3 Factors Affecting Preclinical Skills Acquisition
3.1 Level of Experience
Several studies evaluated the ability of simulators to differentiate between novice and expert arthroscopic surgeons (Andersen et al. 2011; Pedowitz et al. 2002; Tuijthof et al. 2010). All studies found good construct validity for virtual reality simulators, with experienced surgeons performing tasks faster and with more efficiency compared to residents and interns.

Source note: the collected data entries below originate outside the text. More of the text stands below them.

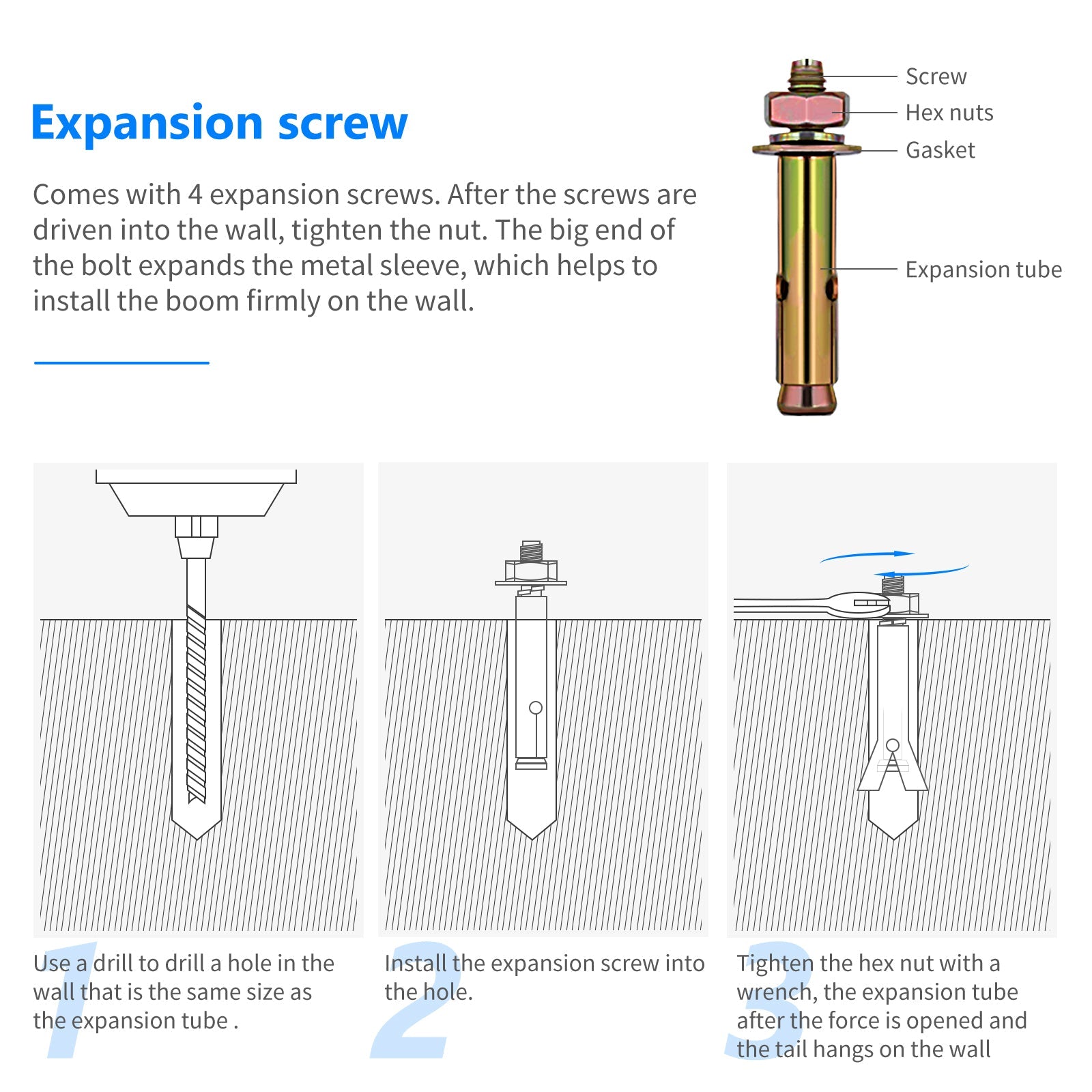 - Base solide: avec une conception de base triangulaire, lui donnant plus de stabilité. Livré avec 4 pièce vis d'extension de goujon, aidant à fixer solidement le montage mural sur le mur
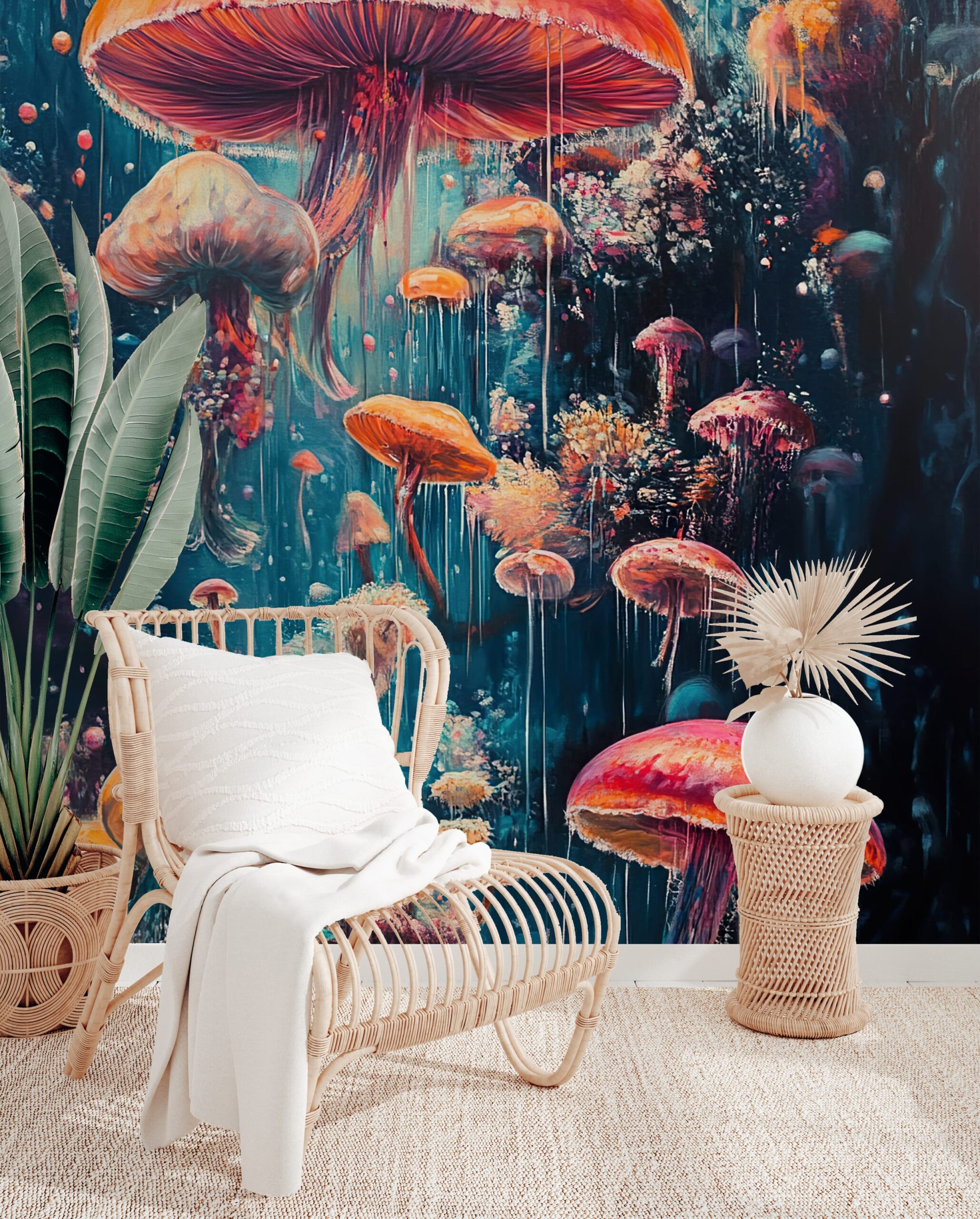 Sillni një atmosferë unike në shtëpinë tuaj me letër muri me foto “Shkëlqim kërpudhash”. Ky model magjepsës dhe shumëngjyrësh, i frymëzuar nga bota sureale e kërpudhave, nxjerr një dritë delikate dhe shkëlqim misterioz që do të transformojë çdo hapësirë, duke i dhënë asaj një karakter unik dhe artistik. Ngjyrat intensive dhe format dinamike plotësojnë në mënyrë të përkryer dizajnet moderne dhe eklektike të brendshme.
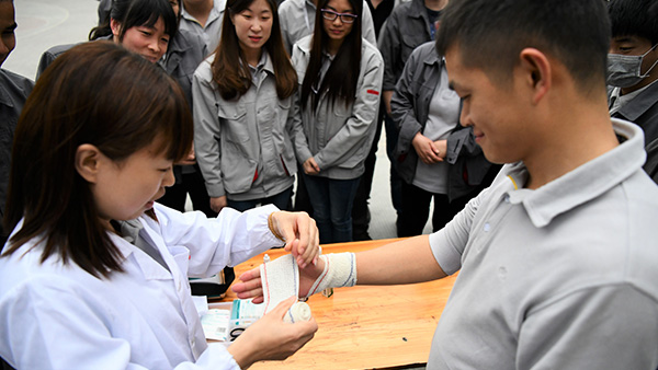 結(jié)束安全實(shí)操演練,進(jìn)入“救護(hù)技能應(yīng)用和消防器材使用”環(huán)節(jié)。公司指派專(zhuān)人進(jìn)行指導(dǎo)演練,演練內(nèi)容包括如何正確報(bào)警、包扎的注意事項(xiàng)、安全繩的正確打結(jié)方式、消防栓以及滅火器的使用。
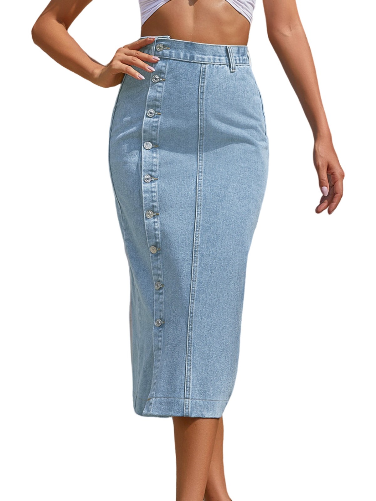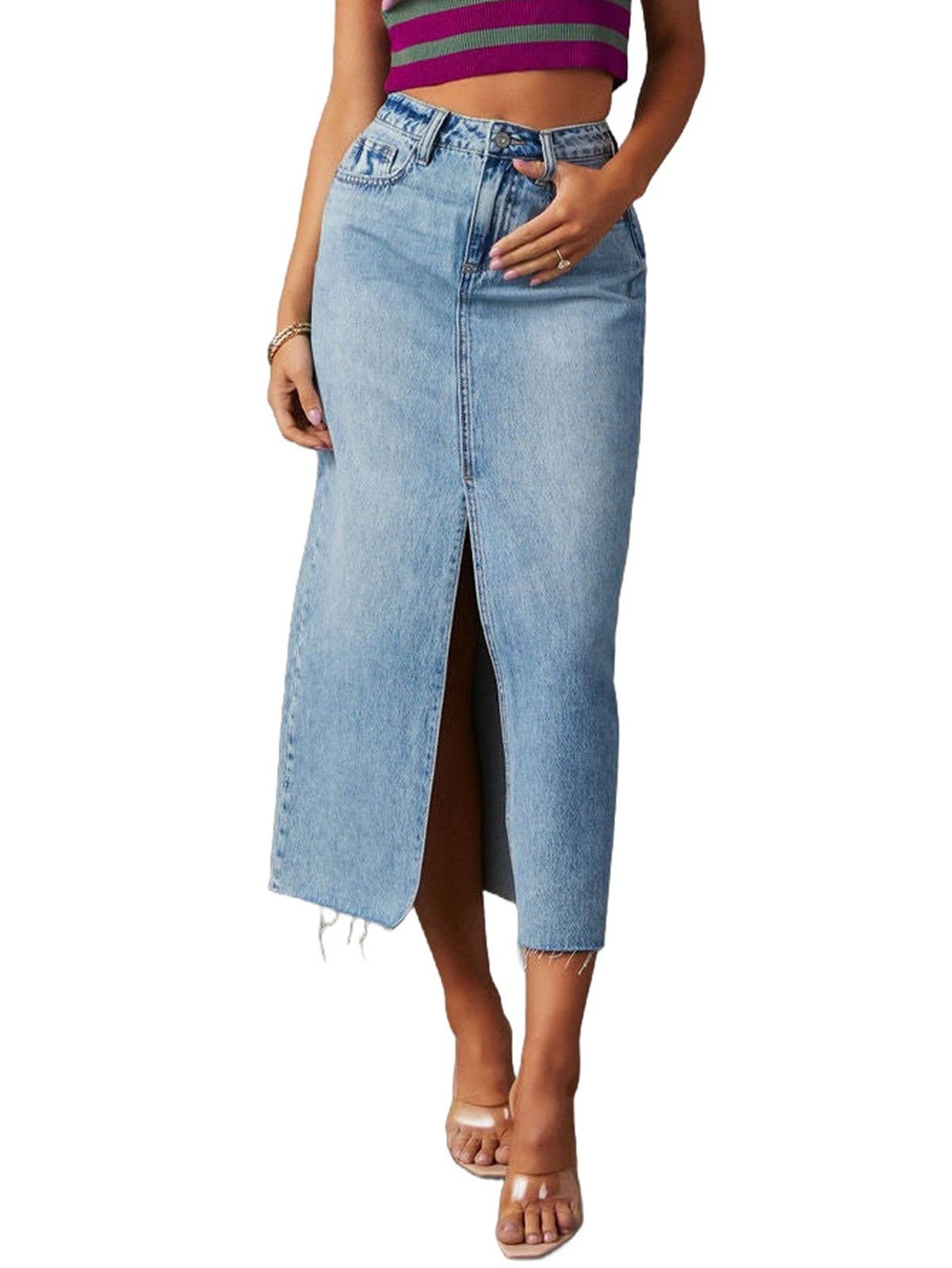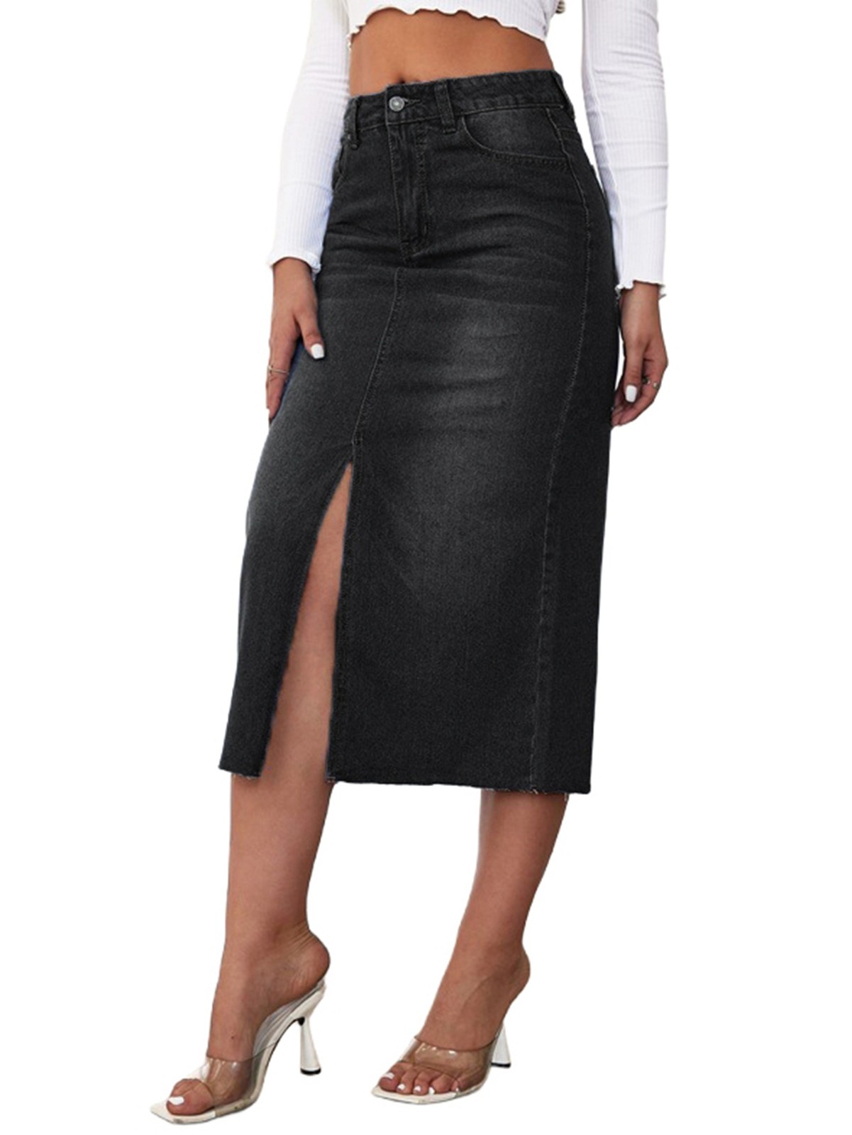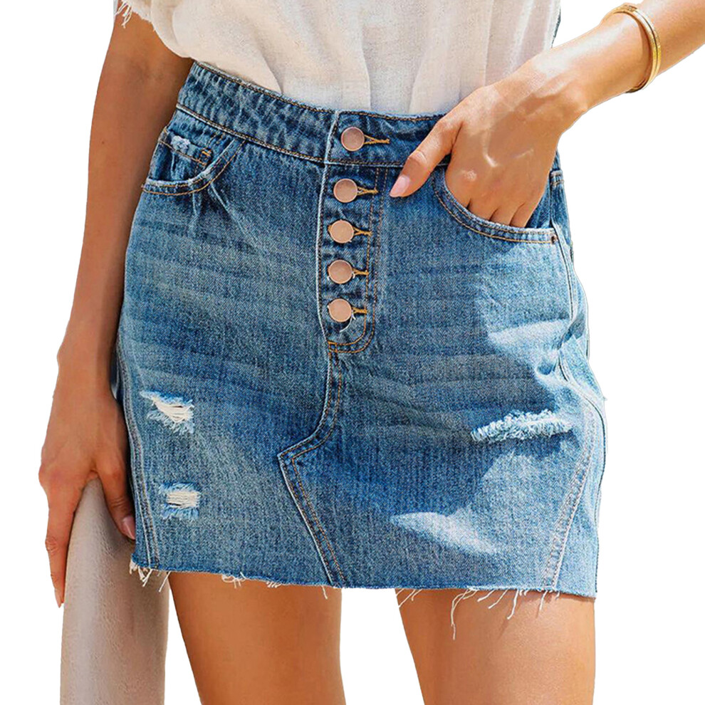 Womens Casual Slit Denim Midi Jean Skirt Stretch High Waist Frayed Button 7053
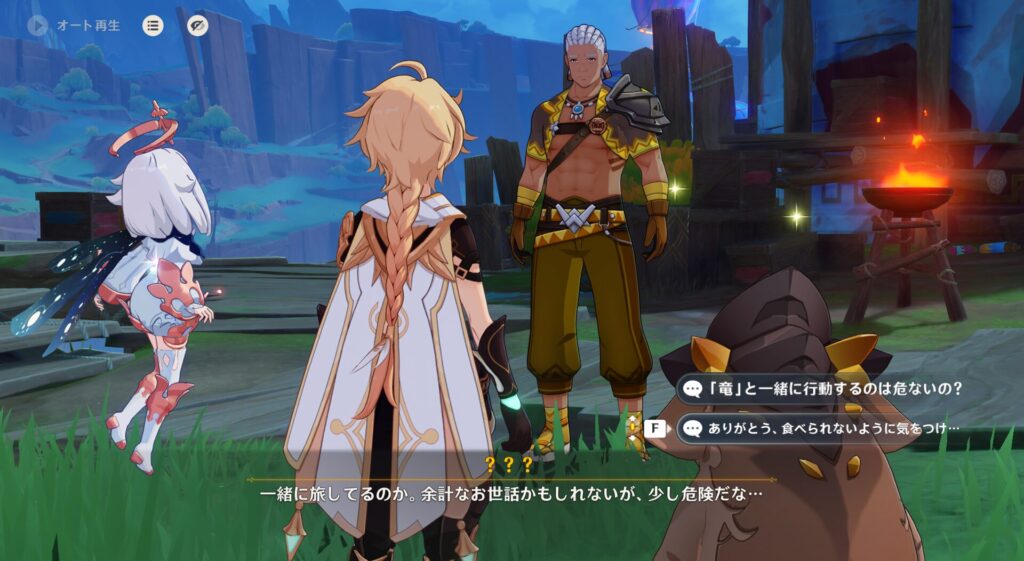 ところで、ふらふらしているうちにどっかの集落に入り込んでしまいましておじさんに話しかけられました。なんか「お前ら異国から来た感じ?それテペトル竜やろ。仲間?」とうらがんきんについて尋ねられたんですね。そこで「最近拾ったねん」みたいな話を平和にしたんですが…
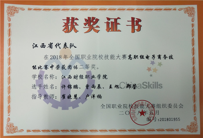5月11日,由教育部、天津市人民政府等35家單位共同主辦的“2018全國職業院校技能大賽”高職組“電子商務技能”賽項在天津商務職業學院開賽,來自全國30個省市的86支代表隊參與角逐。我校派出經濟貿易學院16級電子商務專業許錦鵬、曾雨辰、王旭、鄭瑩四位同學組成的代表隊代表江西省參加競賽。經過一天緊張激烈的角逐,我校代表隊成績排名15(我校在此賽項中歷年最好名次),榮獲大賽團體二等獎。這是我校在此賽項連續第四年獲獎,再一次為學校爭得了榮譽。
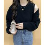 キーワード:ニット セーター レディース クルーネック ショート丈 長袖
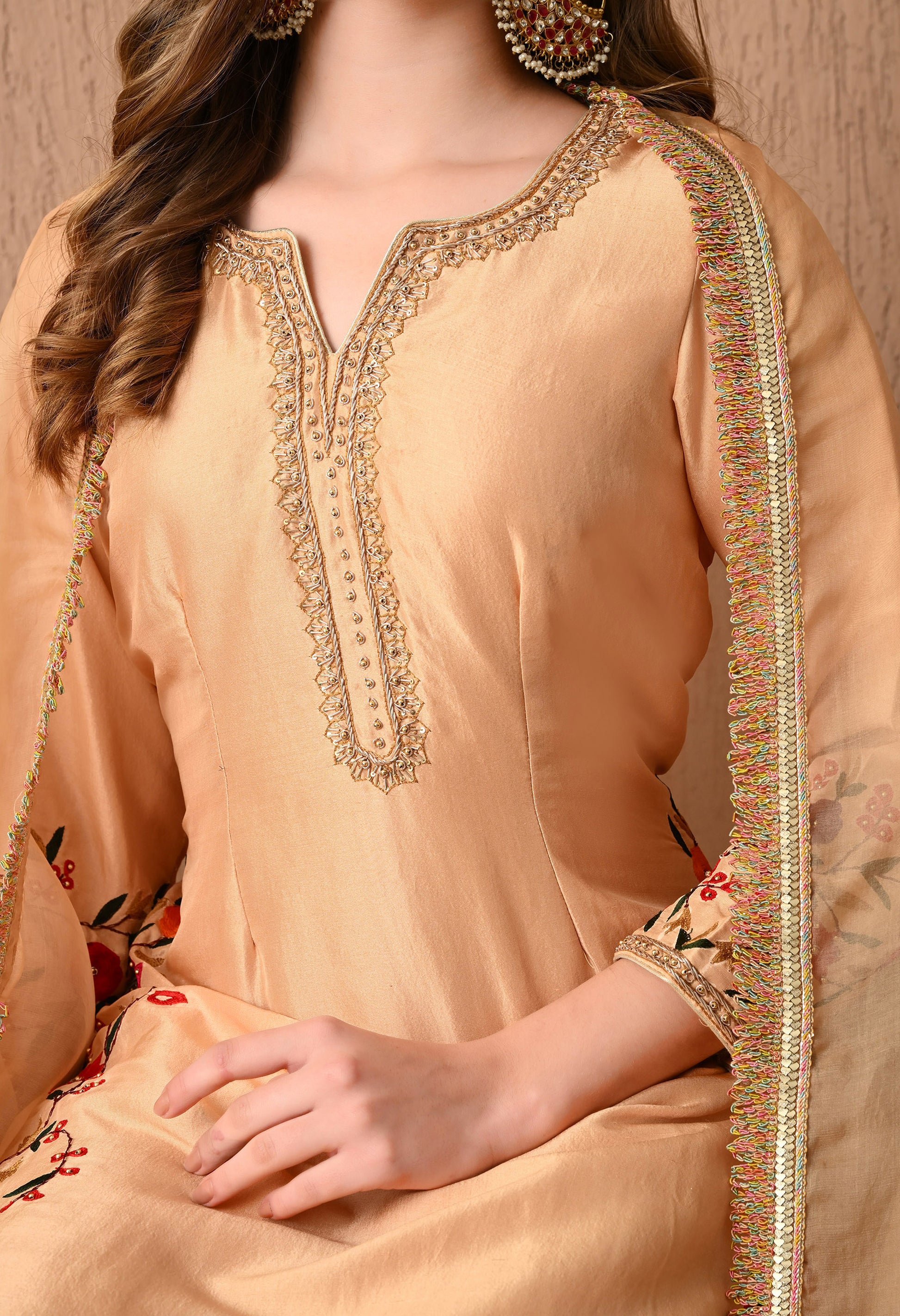 - Zardozi works on the Neck

Interestingly, a 5-h training for inexperienced trainees on a virtual reality simulator was sufficient to perform better than the experienced surgeons in a second test (Andersen et al. 2011). So it is suggested that simulators provide the greatest performance gain for novice trainees (Madan and Pai 2014). The abovementioned results indicate that the simulator does show deviations from real arthroscopic surgery. However, the fact that experienced surgeons outperformed the inexperienced colleagues on a virtual reality simulator indicates that these skills are somewhat transferable. Furthermore, one RCT compared two groups of orthopedic trainees to investigate the transfer validity of arthroscopic skills from simulator to the operating theater. One group received a fixed protocol of simulator training before performance in the operating theater was assessed. The control group did not have simulator training before practice in the operating theater (such as in the traditional training schemes). The simulator-trained group significantly outscored the untrained group in terms of both the Orthopedic Competence Assessment Project and global rating scores (Appendix 13.A). Thus, arthroscopic simulator training by surgical trainees improves technical performance in the operating theater (Howells et al. 2008).
3.2 Video Games
Rosenthal and coworkers compared virtual reality task performance of children with different levels of experience in video games and residents. They concluded that the use of computer games may contribute to the development of skills relevant for adequate performance in laparoscopic virtual reality tasks (Rosenthal et al. 2011). However, others contradicted this theory (Harper et al. 2007; Thorson et al. 2011).
3.3 Innate Skills
The acquisition of a new surgical skill is characterized by a learning curve and the progress of an individual on the curve might be influenced by the innate ability of the individual to acquire a skill. It has been questioned whether variations in arthroscopic skills of trainees are caused by the training provided or rather by innate skills. Alvand and coworkers observed considerable variability in the arthroscopic ability of medical students and hypothesized that this was due to innate arthroscopic ability since none of the study subjects had any previous exposure to the tasks in question (Alvand et al. 2011). However, it has also been suggested that self-reported interest in surgery is a better predictor than innate skills for learning simulated arthroscopic surgery tasks (Madan and Pai 2014; Thorson et al. 2011).
3.4 Gender
Sex differences have been found to exist in the acquisition of skills (Strandbygaard et al. 2013). Thorson et al. evaluated laparoscopic skills among medical students and found that female students performed worse on the laparoscopic trainer than males after adjusting for age, choice of medical specialty, and video game use. They concluded that female medical students differ in their innate abilities on the laparoscopic trainer which might be related to a different psychomotor skill acquisition and behavior of females compared to males (Thorson et al. 2011).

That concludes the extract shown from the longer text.